> RECORDS TO PROCESS
▼
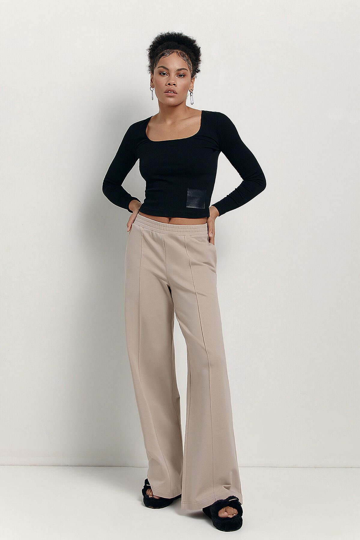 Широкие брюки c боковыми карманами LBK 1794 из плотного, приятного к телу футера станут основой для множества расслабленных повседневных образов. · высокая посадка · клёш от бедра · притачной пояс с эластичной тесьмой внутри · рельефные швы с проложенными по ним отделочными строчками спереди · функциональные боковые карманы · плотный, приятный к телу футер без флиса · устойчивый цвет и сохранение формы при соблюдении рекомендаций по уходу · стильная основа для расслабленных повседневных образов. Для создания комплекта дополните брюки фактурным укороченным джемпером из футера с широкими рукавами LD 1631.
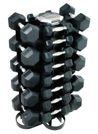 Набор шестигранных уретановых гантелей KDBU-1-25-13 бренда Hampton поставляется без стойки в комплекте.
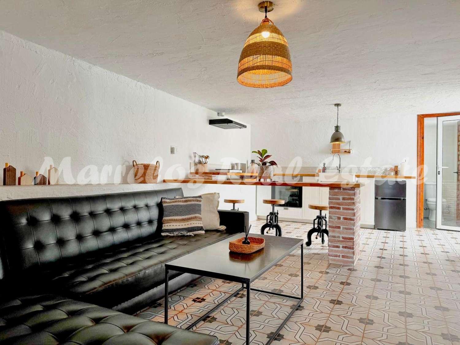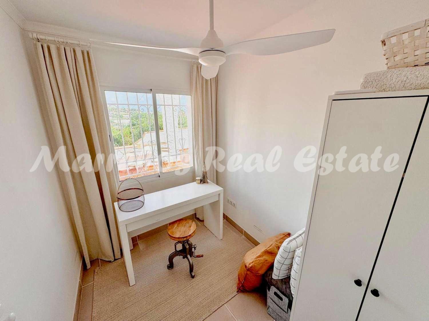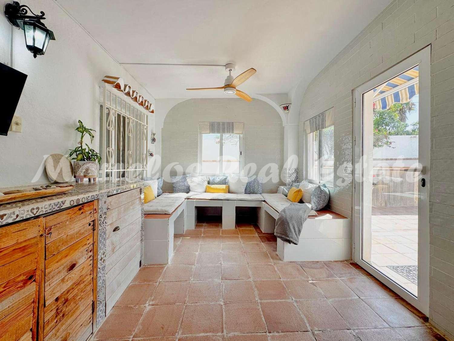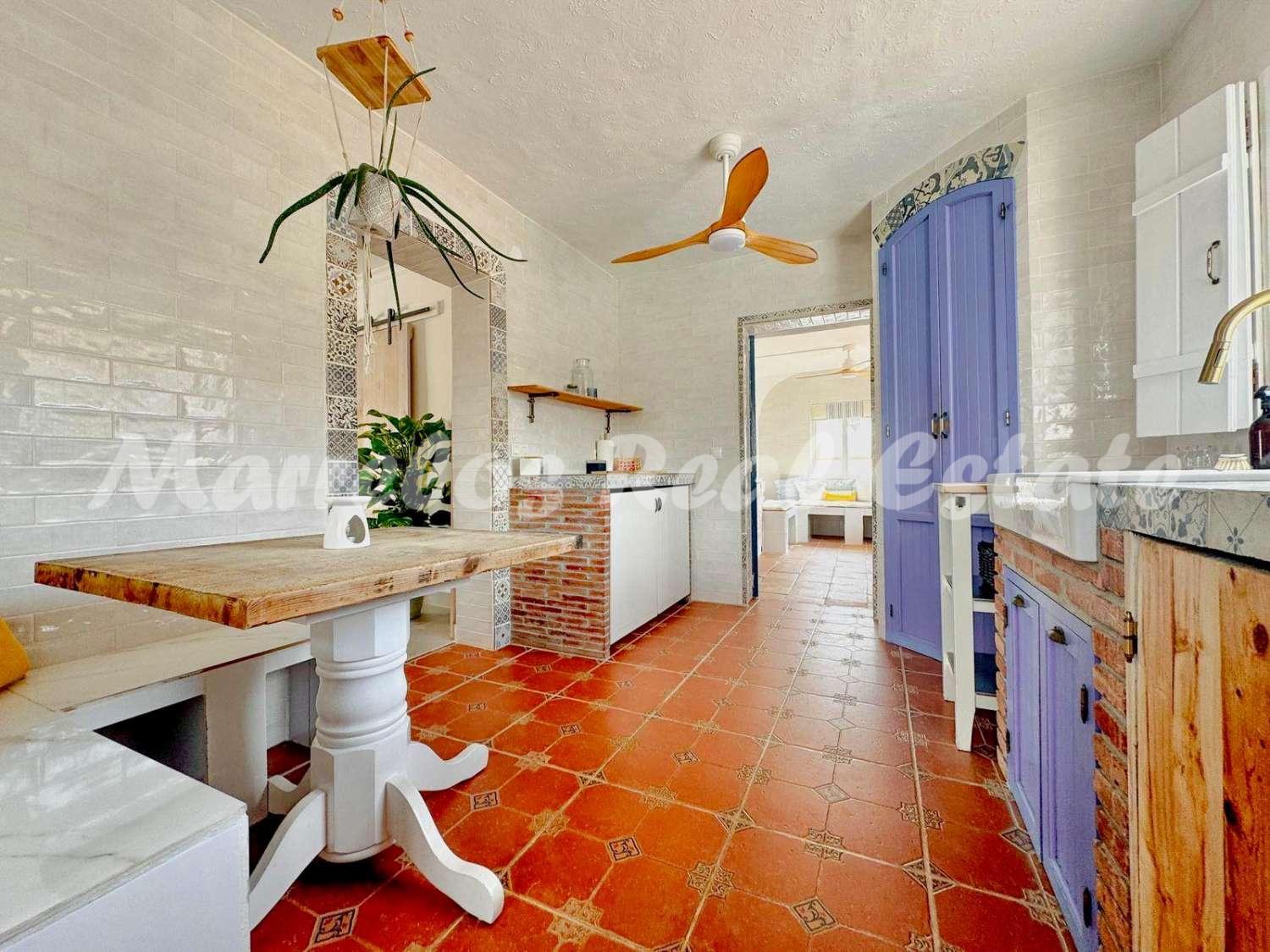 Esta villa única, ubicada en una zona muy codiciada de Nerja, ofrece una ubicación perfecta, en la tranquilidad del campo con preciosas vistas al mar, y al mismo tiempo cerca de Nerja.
▲
▼
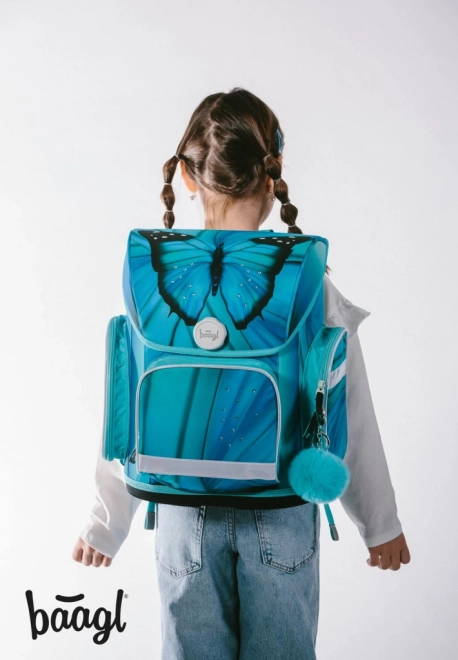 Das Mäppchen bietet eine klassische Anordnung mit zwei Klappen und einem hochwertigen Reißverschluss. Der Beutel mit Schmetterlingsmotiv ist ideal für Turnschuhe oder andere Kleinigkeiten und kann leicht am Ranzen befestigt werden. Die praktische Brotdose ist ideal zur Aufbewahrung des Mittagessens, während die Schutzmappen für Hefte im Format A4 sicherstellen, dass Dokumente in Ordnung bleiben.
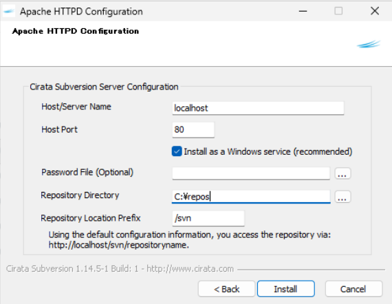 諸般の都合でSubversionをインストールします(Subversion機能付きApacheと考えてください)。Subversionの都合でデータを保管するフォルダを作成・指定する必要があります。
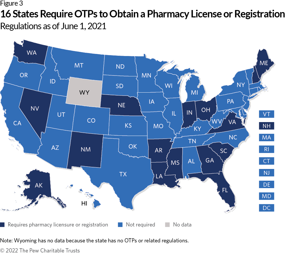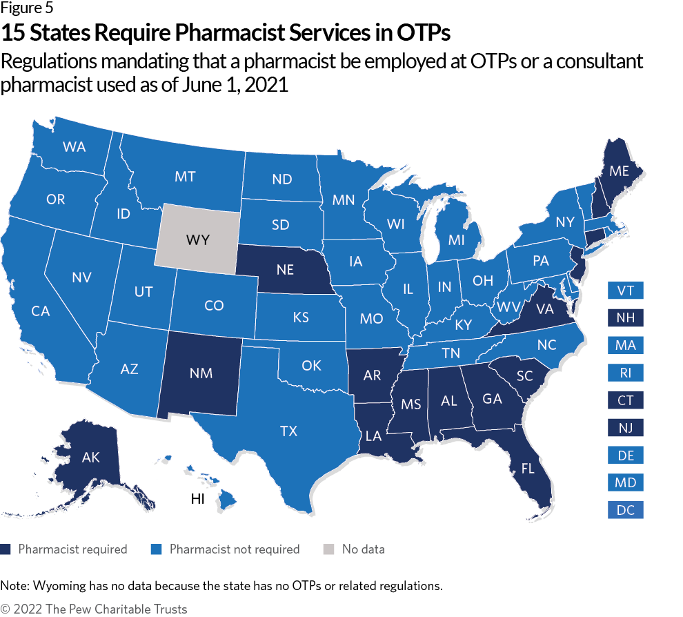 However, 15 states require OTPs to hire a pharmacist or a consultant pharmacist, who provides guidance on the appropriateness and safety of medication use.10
▲
▼
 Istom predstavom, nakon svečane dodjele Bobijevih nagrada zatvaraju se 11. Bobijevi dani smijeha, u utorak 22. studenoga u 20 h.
▲
> TRY IT
Look above for the line with "Набор шестигранных уретановых" and the line with "Esta villa única, ubicada", then copy them and all lines in between exactly as written, and only those, without any pictures.

> COMPLETED TASK
 Набор шестигранных уретановых гантелей KDBU-1-25-13 бренда Hampton поставляется без стойки в комплекте.
 Esta villa única, ubicada en una zona muy codiciada de Nerja, ofrece una ubicación perfecta, en la tranquilidad del campo con preciosas vistas al mar, y al mismo tiempo cerca de Nerja.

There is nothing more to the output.